Mi padre detuvo el coche, y se giró, diría que aparatosamente. —¿No te ahoga
la vergüenza, bribón? ¡Creía que nuestras conversaciones eran más secretas que
unas confesiones! Sólo se trata de hipótesis, usadas para adelantar una tertulia. ¡En
ningún caso puedes usar de estas reflexiones inacabadas!
G... me miró, diciendo a mi padre:
—¿Te das cuenta de que tu hijo no entiende nada de todo esto? Igual piensa que
nos conocimos cuando lo encontré delante de mi casa, aquel día de lluvia. ¿Te
acuerdas, doctor?
Mi padre bajó el cristal de la ventanilla, y desabrochó los primeros botones de su
camisa, como para dejar que la brisa que llegaba del mar, por encima de las dunas, lo
refrescara.
—¡Oye! ¿Qué quieres que le digamos? ¿Que nos conocimos cuando tuvo lugar
la ofensiva aliada sobre las bases italianas de Tripolitana? ¿Que te atendí porque,
siendo médico, era mi deber? ¿Que, como eres un abominable parlanchín, me
comiste el coco y que, desde entonces, nunca nos hemos perdido de vista? ¿Que te
conseguí la casa en la cual vives, y que, a veces, pienso que el día en el que te quité
este trozo de metralla de la cabeza, cometí el mayor error de mi vida... ? Se río.
G... volvió a mirar hacia delante, preguntando:
—Ya ésta bien de bromas, doctor... ¿Estamos aún lejos de este sitio del que nos
hablaste? ¡Es que empiezo, yo también, a tener hambre!
Seguía perdido, pero a medida que pasaba el tiempo, y que mantenían esta
extraña conversación, me iba tranquilizando.
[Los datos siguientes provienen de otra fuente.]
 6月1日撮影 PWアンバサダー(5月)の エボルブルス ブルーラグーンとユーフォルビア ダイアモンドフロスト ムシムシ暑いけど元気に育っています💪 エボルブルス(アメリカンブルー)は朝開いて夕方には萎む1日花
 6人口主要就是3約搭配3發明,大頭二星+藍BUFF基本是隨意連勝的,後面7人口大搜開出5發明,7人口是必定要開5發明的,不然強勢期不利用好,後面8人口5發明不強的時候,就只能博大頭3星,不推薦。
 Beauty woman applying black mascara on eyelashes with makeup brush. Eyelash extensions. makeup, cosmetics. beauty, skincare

Era como si el hecho de verlos tan
amigos, tan cómplices, tan cercanos el uno al otro, me diera una especie de garantía.
Estaba seguro de que, mientras estuviera con ellos, nada desagradable o peligroso
podía ocurrirme. ¡Me sentía protegido entre aquellos dos personajes que, al fin y al
cabo, desconocía completamente, tanto al uno, como al otro!
Les comenté que, si era verdad que hacia escasamente unas horas me hubiera
fascinado saber todo esto, ahora ya no me importaba.
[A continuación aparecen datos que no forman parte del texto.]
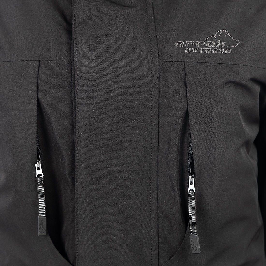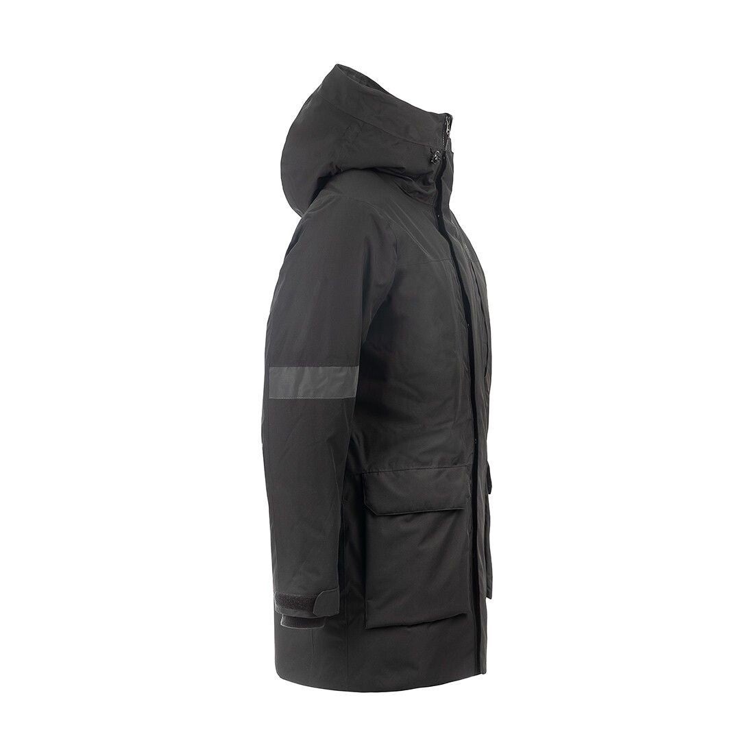 De parka heeft een grote achterzak, twee voorzakken met klep en handzakken aan de zijkant met een warme microfleece voering. In de linker voorzak zit bovendien een uitneembaar snoepzakje. Verborgen borstzakken met rits. Aan de binnenkant, langs de knopenrij, zit een binnenzak met rits. Daarnaast zijn er twee grote mesh binnenzakken — perfect voor handschoenen of extra spullen. De jas heeft een 2-weg rits aan de voorkant, een grote stevige verstelbare capuchon en gebreide manchetten aan de polsen.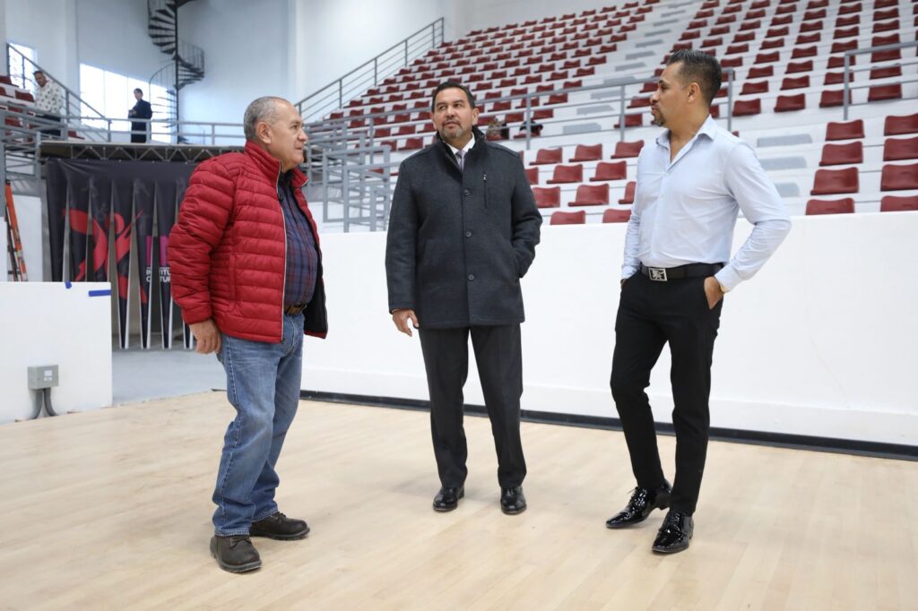 También se integraron pantallas gigantes, una cabina de transmisión, aulas renovadas en la planta baja y dos nuevos vestidores de gran capacidad, equipados con casilleros, lo que consolida al inmueble como un espacio deportivo moderno y competitivo para el disfrute de la comunidad juarense.

Tenía una idea imprecisa, que bailaba en mi espíritu, algo como esas palabras
que no hay manera de recordar, y que surgen de repente, cuando se deja de buscarlas,
o bien que desaparecen para siempre. En el barco, cuando capté las vidas de los
delfines que se acercaban, pasó algo de este tipo: me di cuenta de que sabía algo. Que
en mí había subido hasta la superficie, algo que era como una luz, y que desconocía
hasta aquel momento. Al mismo tiempo, había tenido la fuerte sensación de que
bastaría muy poca cosa para que acabase de subir, apareciendo en mi conciencia.
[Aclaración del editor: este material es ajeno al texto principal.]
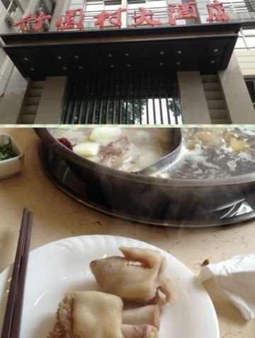 这家竹园村可是我们经常去的一家吃火锅的地方,他家有家乡鹅火锅,大红公鸡火锅,当然最爱吃的还是他家的猪蹄火锅,他家这个叫蹄花滋补火锅,118元一份,我们要的鸳鸯锅,服务员端上来的时候猪蹄已经在里面了,不过需要再煮一小会儿,于是我们先喝了一碗高汤,很鲜美啊,各种营养吧,辣锅那边有一些中草药的味道,我不喜欢吃辣的所以一直吃的不辣的这边,一会儿后夹了一个猪蹄已经比较烂了看来是事先炖好了的避免耽误时间,猪蹄的皮比较有嚼头,而且感觉随着时间越来越长猪蹄越来越有味啊,一份的量三个人吃绝对没问题,性价比还是蛮高的,而且他家还有免费的醪糟、小菜和饮料,性价比很高啊!…查看更多

De la misma manera, también sabía que, por cualquier error o esfuerzo mal
dirigido, podía desaparecer para siempre, naufragada en los mares de ignorancia que
comenzaba a notar en mí. Claro está que, en aquel momento, no lo dije con estas
palabras: han pasado cuarenta años, y soy bien consciente del maremagno de
informaciones y experiencias vitales, que, desde entonces, han venido a colmar los
vacíos, las intuiciones, las libertades, y los potenciales de mi mente de niño.
Lo cierto es que fue aquel día, en aquel momento preciso, cuando capté por
primera vez esa ternura venida del futuro, que nunca ha desaparecido desde entonces,
y que me ha permitido soportar, sin perderme, todas las vicisitudes de la existencia.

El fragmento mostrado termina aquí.